START Exercise inputs

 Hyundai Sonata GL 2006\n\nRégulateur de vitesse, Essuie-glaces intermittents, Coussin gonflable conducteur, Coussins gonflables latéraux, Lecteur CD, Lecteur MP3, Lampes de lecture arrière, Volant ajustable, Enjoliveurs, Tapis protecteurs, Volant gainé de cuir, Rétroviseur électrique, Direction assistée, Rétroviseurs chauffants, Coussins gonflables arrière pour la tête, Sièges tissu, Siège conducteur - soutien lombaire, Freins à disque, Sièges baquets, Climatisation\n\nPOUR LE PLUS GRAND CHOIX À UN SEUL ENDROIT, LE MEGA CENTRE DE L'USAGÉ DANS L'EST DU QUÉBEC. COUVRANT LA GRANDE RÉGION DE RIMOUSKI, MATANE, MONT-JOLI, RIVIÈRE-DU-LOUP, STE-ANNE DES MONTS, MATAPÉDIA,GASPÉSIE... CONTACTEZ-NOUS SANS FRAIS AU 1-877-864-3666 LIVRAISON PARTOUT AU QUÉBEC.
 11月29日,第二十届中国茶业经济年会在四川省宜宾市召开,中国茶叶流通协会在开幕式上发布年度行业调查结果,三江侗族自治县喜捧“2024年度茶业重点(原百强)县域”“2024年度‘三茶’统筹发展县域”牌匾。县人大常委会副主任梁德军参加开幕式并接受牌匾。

END Exercise inputs
START Exercise inputs

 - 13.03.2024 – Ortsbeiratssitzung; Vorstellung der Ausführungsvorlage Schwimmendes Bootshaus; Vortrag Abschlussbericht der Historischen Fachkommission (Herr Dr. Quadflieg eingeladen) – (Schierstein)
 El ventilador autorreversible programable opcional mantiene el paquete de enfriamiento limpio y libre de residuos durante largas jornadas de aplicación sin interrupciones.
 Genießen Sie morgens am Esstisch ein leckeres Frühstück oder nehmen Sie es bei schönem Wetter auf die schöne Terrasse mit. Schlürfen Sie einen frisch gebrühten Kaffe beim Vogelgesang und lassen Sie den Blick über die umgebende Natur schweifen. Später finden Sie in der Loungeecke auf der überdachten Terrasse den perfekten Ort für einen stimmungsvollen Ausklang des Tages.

END Exercise inputs
START Exercise inputs

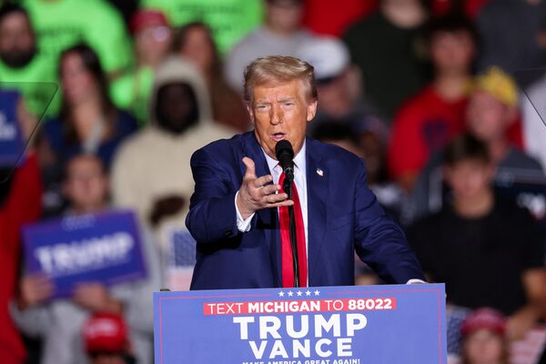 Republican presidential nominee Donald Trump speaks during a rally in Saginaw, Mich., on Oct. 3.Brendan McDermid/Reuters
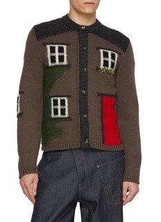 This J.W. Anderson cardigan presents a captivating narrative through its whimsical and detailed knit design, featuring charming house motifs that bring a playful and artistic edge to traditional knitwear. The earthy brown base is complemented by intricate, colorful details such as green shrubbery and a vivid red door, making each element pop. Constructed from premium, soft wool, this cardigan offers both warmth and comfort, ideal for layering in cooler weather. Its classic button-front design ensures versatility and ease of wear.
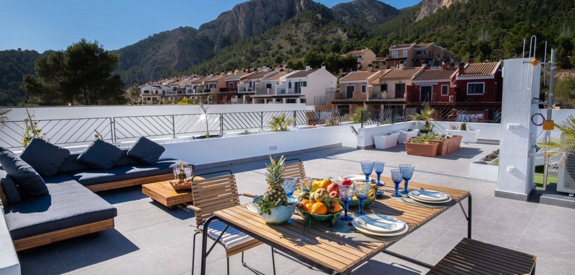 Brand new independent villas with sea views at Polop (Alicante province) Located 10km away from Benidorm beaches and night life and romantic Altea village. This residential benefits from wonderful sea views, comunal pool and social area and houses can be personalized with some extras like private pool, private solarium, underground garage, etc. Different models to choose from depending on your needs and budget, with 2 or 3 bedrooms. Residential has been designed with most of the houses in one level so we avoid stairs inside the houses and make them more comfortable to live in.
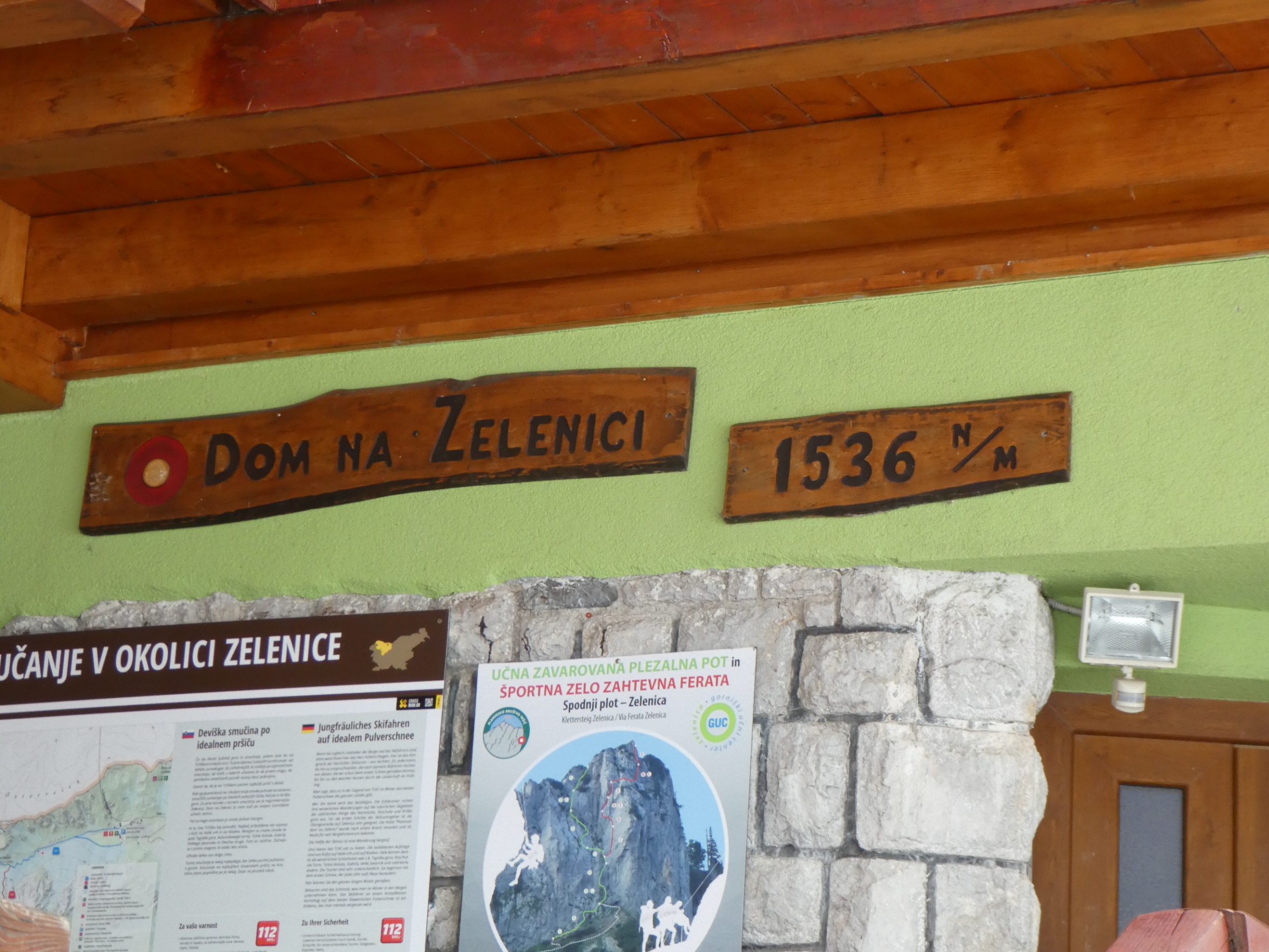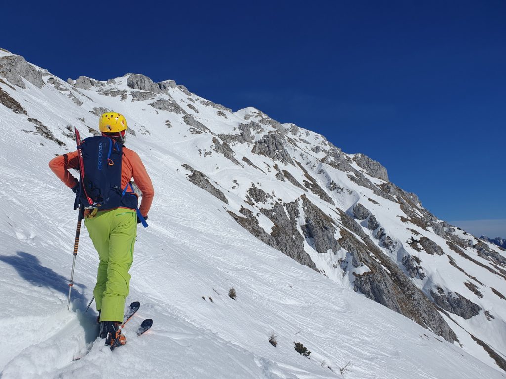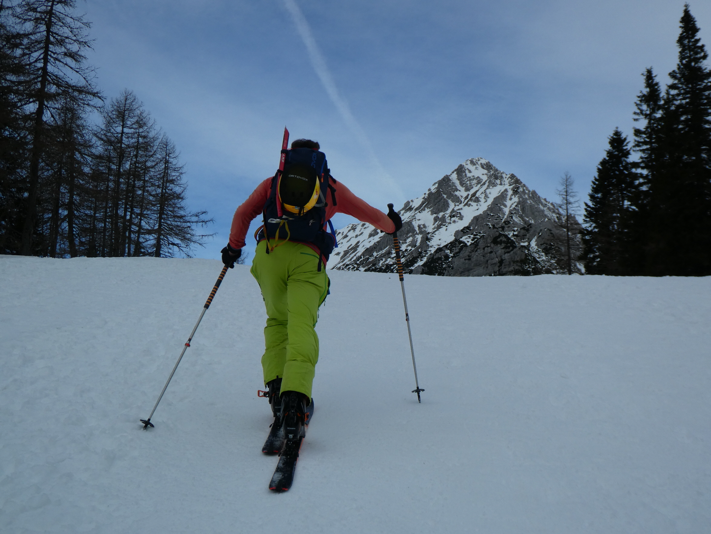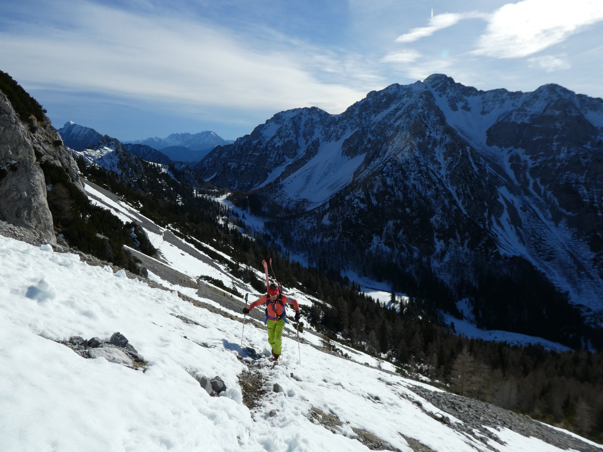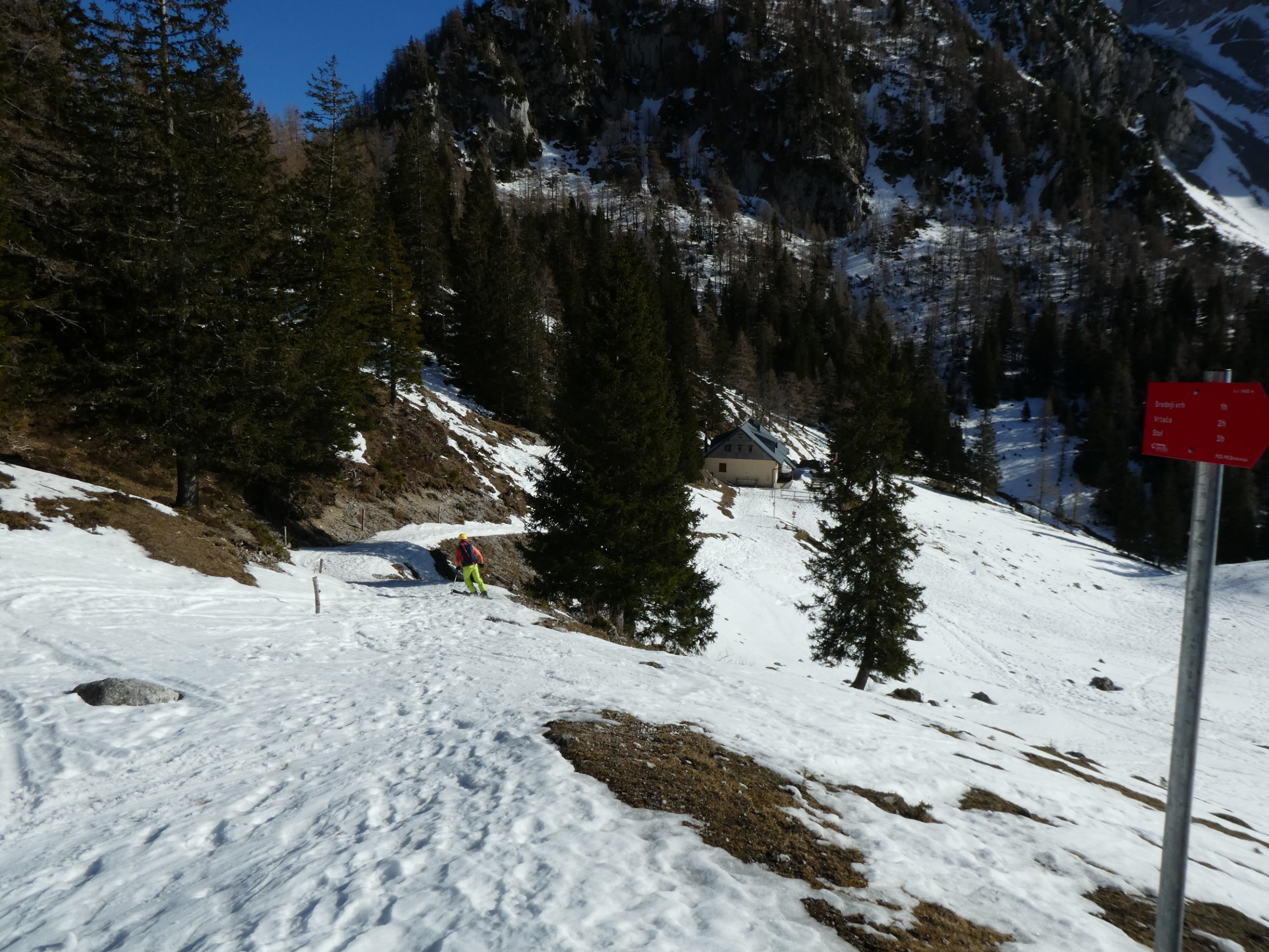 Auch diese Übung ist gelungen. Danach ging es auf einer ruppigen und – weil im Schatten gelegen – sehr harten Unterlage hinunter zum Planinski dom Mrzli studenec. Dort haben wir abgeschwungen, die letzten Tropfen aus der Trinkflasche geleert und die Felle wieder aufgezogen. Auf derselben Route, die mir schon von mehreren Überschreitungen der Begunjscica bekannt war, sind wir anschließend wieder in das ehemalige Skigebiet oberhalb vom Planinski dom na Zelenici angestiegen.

END Exercise inputs

What is asked for is an exact copy of the lines above from the one containing "El ventilador autorreversible" through the one containing "Genießen Sie morgens", and only those.

 El ventilador autorreversible programable opcional mantiene el paquete de enfriamiento limpio y libre de residuos durante largas jornadas de aplicación sin interrupciones.
 Genießen Sie morgens am Esstisch ein leckeres Frühstück oder nehmen Sie es bei schönem Wetter auf die schöne Terrasse mit. Schlürfen Sie einen frisch gebrühten Kaffe beim Vogelgesang und lassen Sie den Blick über die umgebende Natur schweifen. Später finden Sie in der Loungeecke auf der überdachten Terrasse den perfekten Ort für einen stimmungsvollen Ausklang des Tages.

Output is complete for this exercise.